2.2.7 Dimensão social ¾ Na esfera social, a complexidade torna-se cada vez mais importante pelos avanços tecnológicos que permitem comunicações cada vez mais rápidas entre pessoas, povos e nações. Por outro lado, as redes globais promoveram a complexidade enquanto modo de pensar, e de tal modo que por volta de 1989 — e desse espectáculo à escala global que foi a demolição do Muro de Berlim — a complexidade assumiu tonalidades globais no domínio das Ciências Sociais. Quais, então, os tipos de pensamento que a globalização passou a permitir.
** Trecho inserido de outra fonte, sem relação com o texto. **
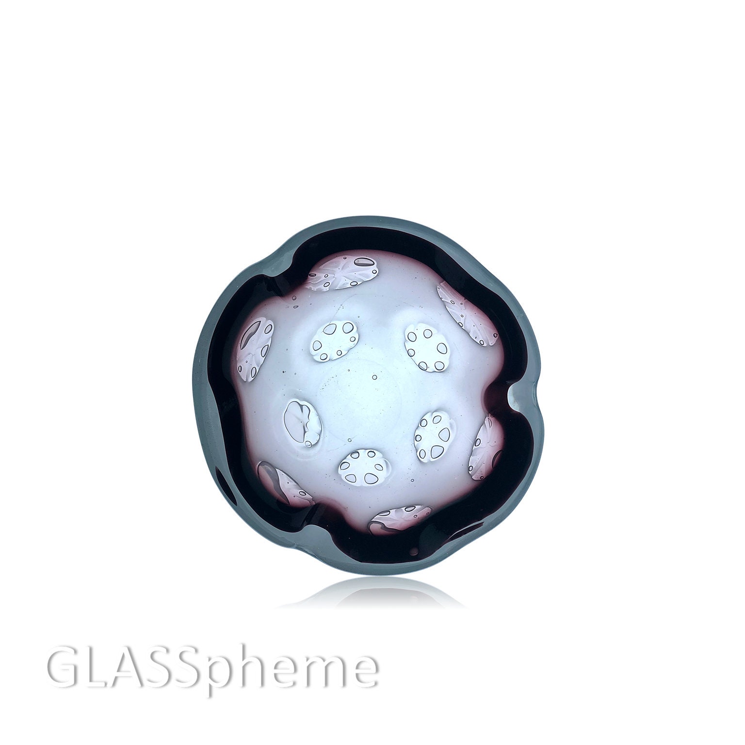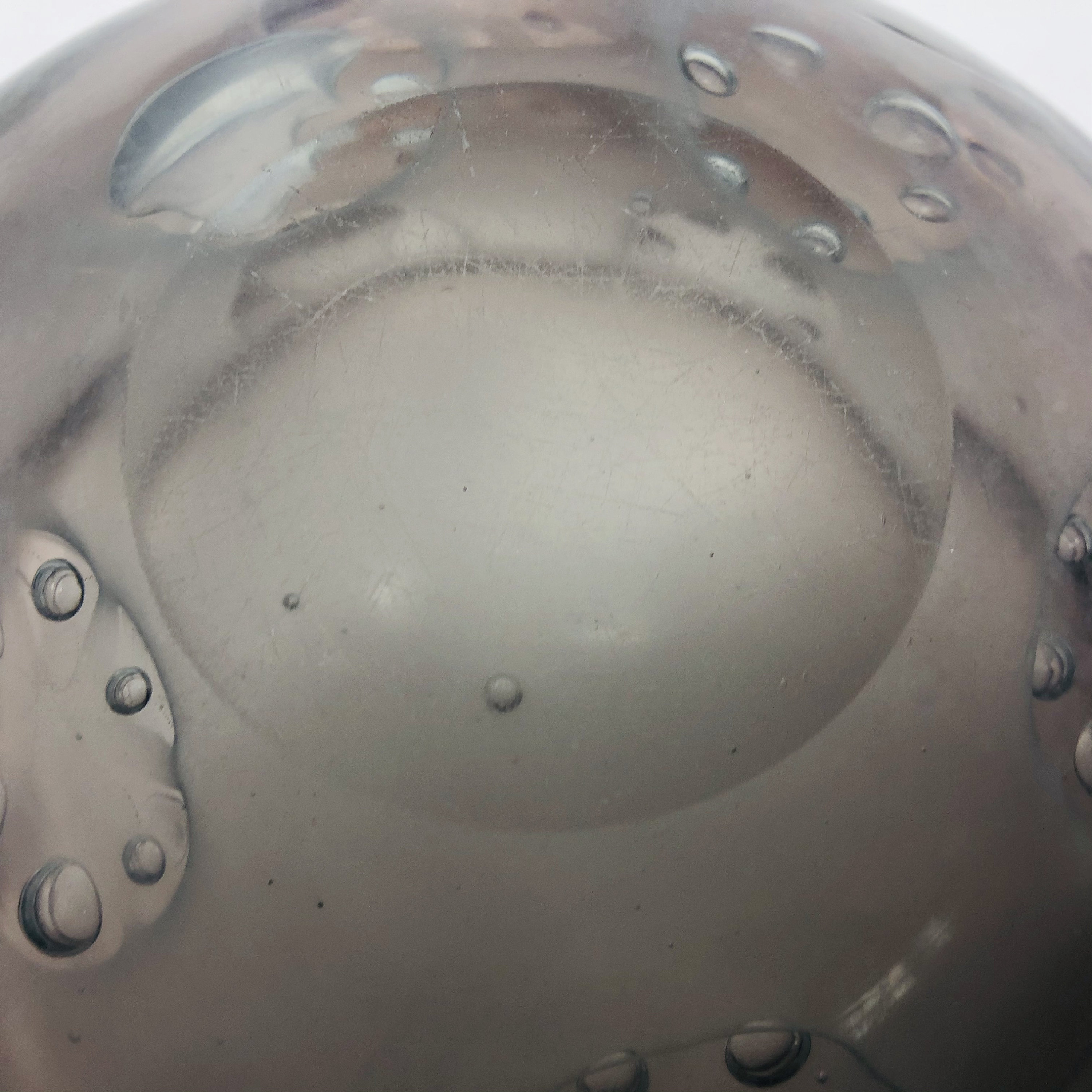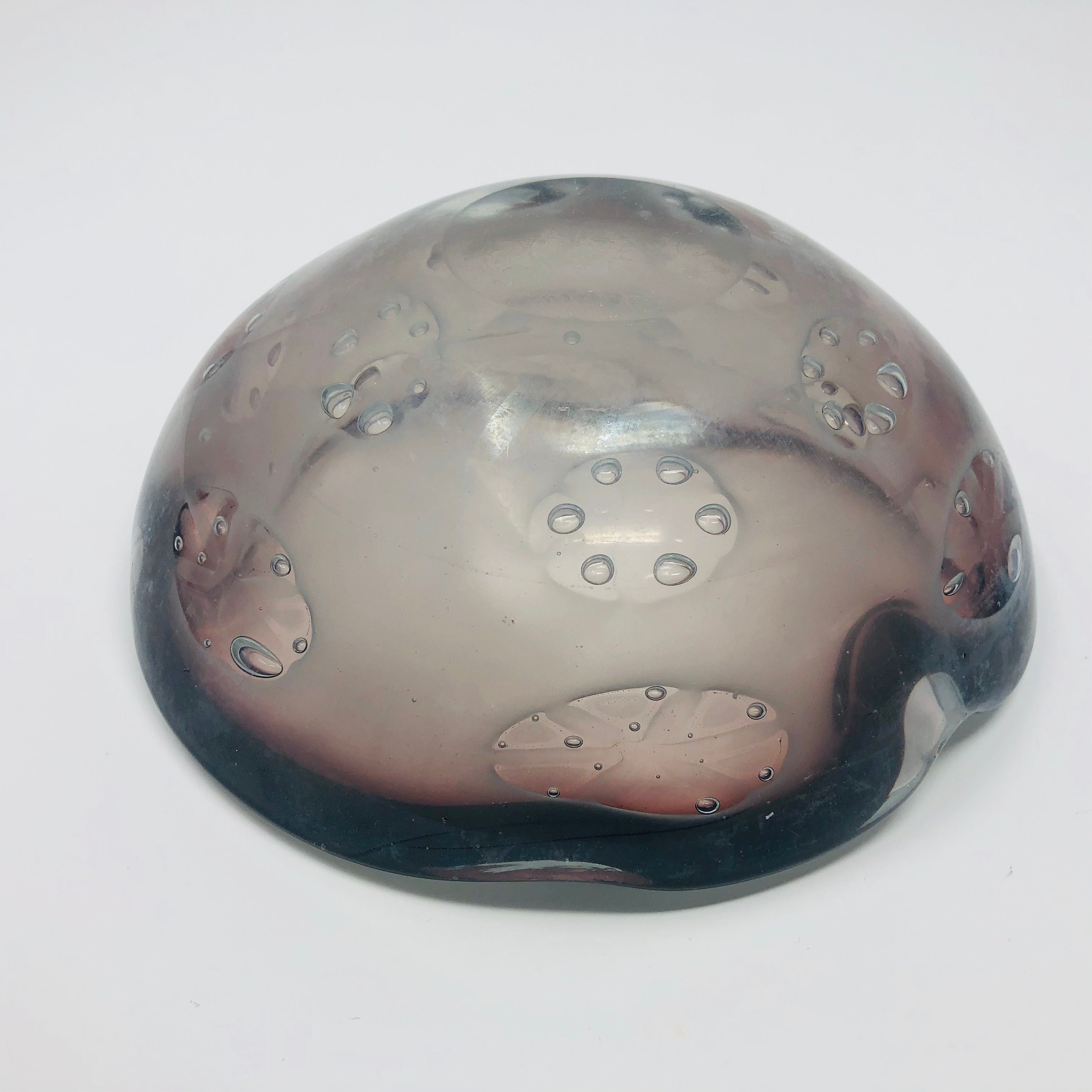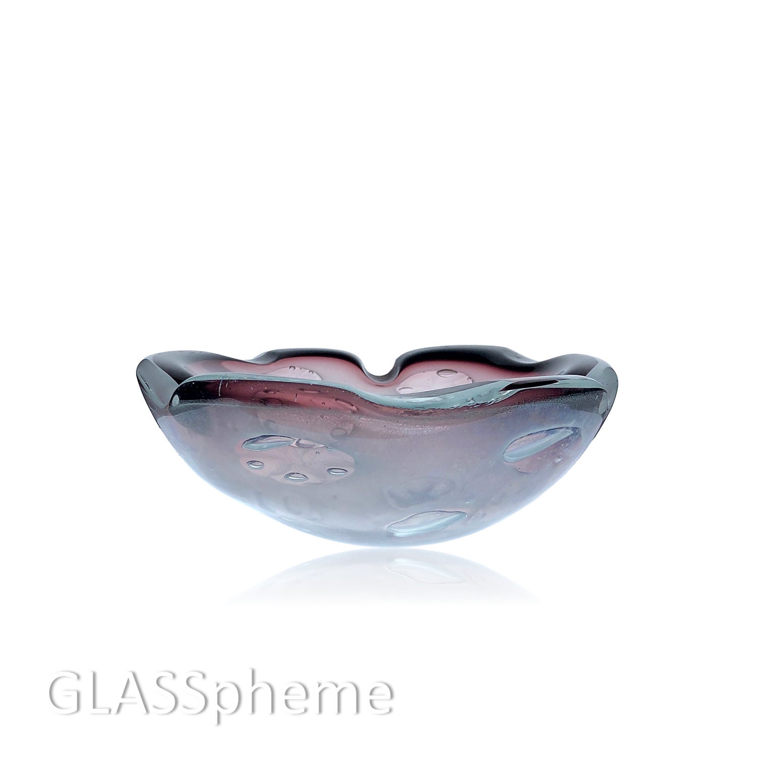 You're looking at a mystifyingly beautiful Murano glass bowl (or ashtray) by Barbini/VAMSA. From around 1936 to 1944, Alfredo Barbini was partner and master glassblower in Vetri Artistici Muranesi Società per Azioni [V.A.M.S.A.] and his work from that time is extremely rare and highly coveted. Alfredo Barbini is generally known for his extravagantly gorgeous designs and superb craftmanship, but based on the pieces available today, it seems that his VAMSA production was more uniformly focused on higher-end/more highly complex pieces. This magical bowl is a perfect example--you've probably never seen anything like it. The opaque cloudy wisps throughout the thick glass casing are in fact BUBBLES--gazillions of tiny ones that manifest as a froth (Puleogso), and they float around large flower-shaped bubbles that are decorated with bubbles of their own. The deep purple glass at the rim brings an amethyst hue to the entire piece. The photos done with backlighting show the contrast between elements and the features of the glass itself. The other photos were taken in studio light and more faithfully reflect how this amazing treasure will look on display (without backlighting).
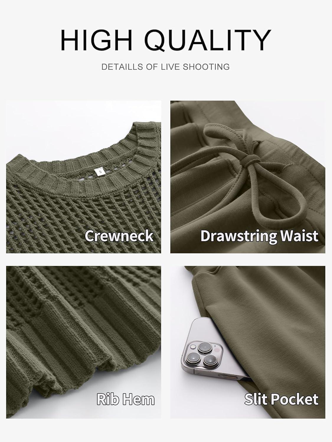 ANRABESS Women Two Piece Outfits Crochet Sheer Knit Sweater Top Wide Leg Pants Lounge Matching Sets Sweatsuit Travel Clothes(Army Green)
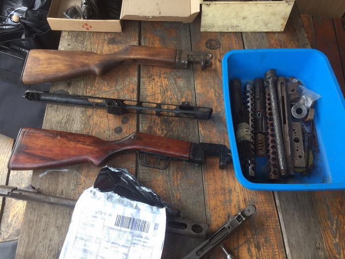 Во время обысков по месту жительства злоумышленника и в нелегальной оружейной, оборудованной в гараже, оперативники изъяли два пистолета-пулемета "Шпагина", винтовку "Мосина" и почти 120 деталей для восстановления оружия.
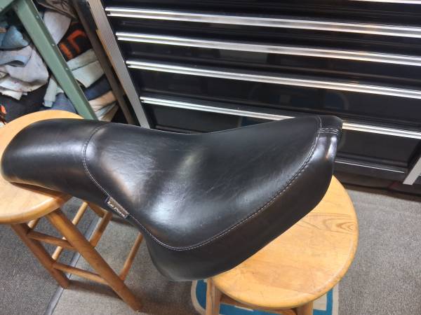 For sale, this sleek, low, and sculpted excellent condition Le Pera Silhouette seat for Harley Davidson soft tail bikes, from 2000 through 2007. Bolts right up to factory position using stock Harley hardware on all soft tails though out those years. This on was on a Fat Boy.
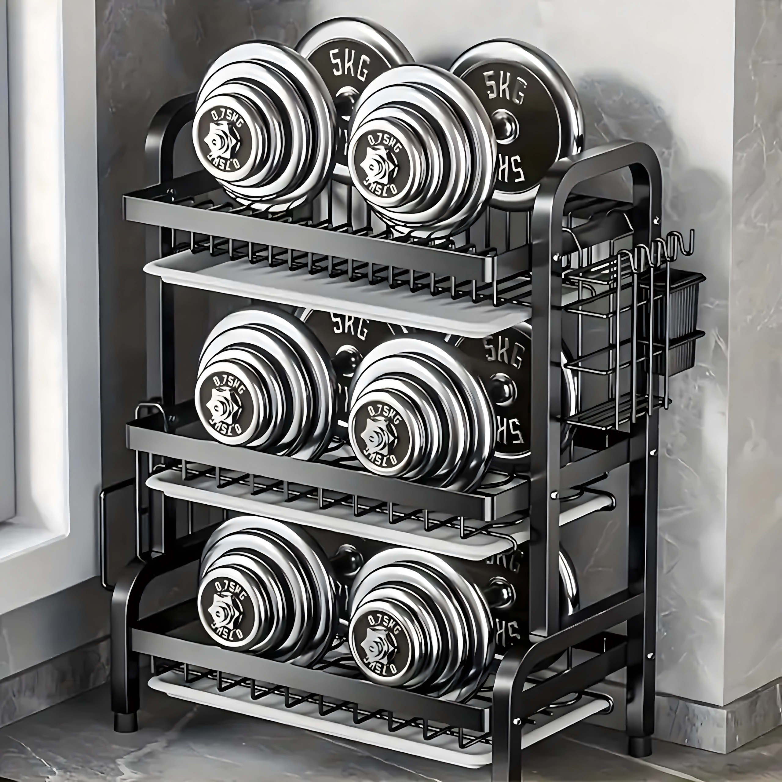Chytré vertikálne usporiadanie pojme taniere, misky aj poháre, šetrí pracovnú plochu a urýchľuje sušenie.
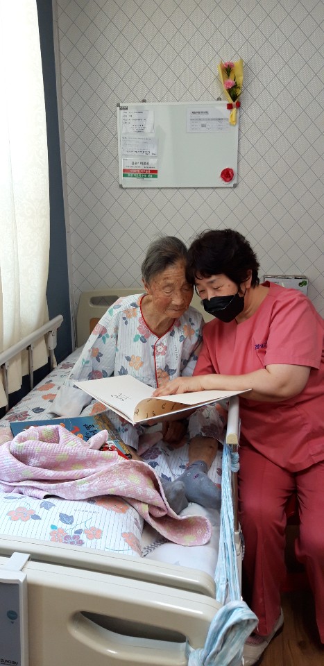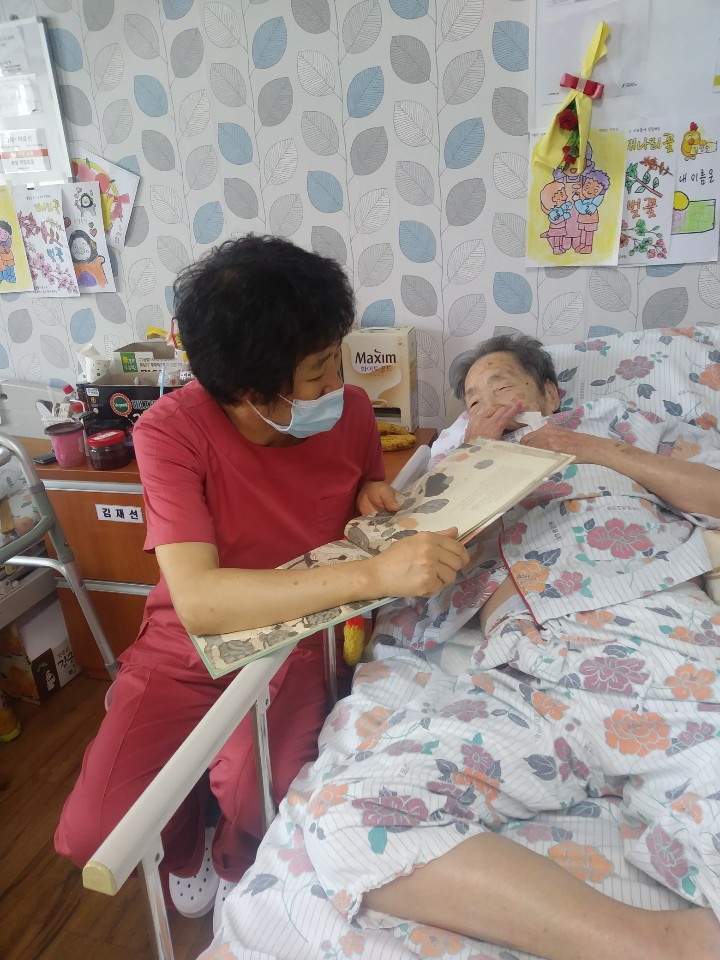 일부 어르신은 1층에서 원예활동 참여 하시고 그 외 어르신은 생활실에서 선생님들 |

2.2.8 Dimensão económica ¾

Na esfera económica, a complexidade vem também associada à globalização, pobreza, …. De há muito se tem usado a economia como justificativa para obter recursos para programas especiais, aumentos de orçamentos. Dá-se um valor à vida humana, baseado em potencial de ganho que não é realizado por uma morte prematura. Calcula-se a perda económica por razão do insucesso escolar (educação) e do absentismo causado por uma determinada doença (saúde). A dimensão económica deve ter a chamada economia da educação, da saúde, … tem que estar orientada no sentindo do valor intrínseco da vida humana, e não no seu valor de uso como instrumento de trabalho.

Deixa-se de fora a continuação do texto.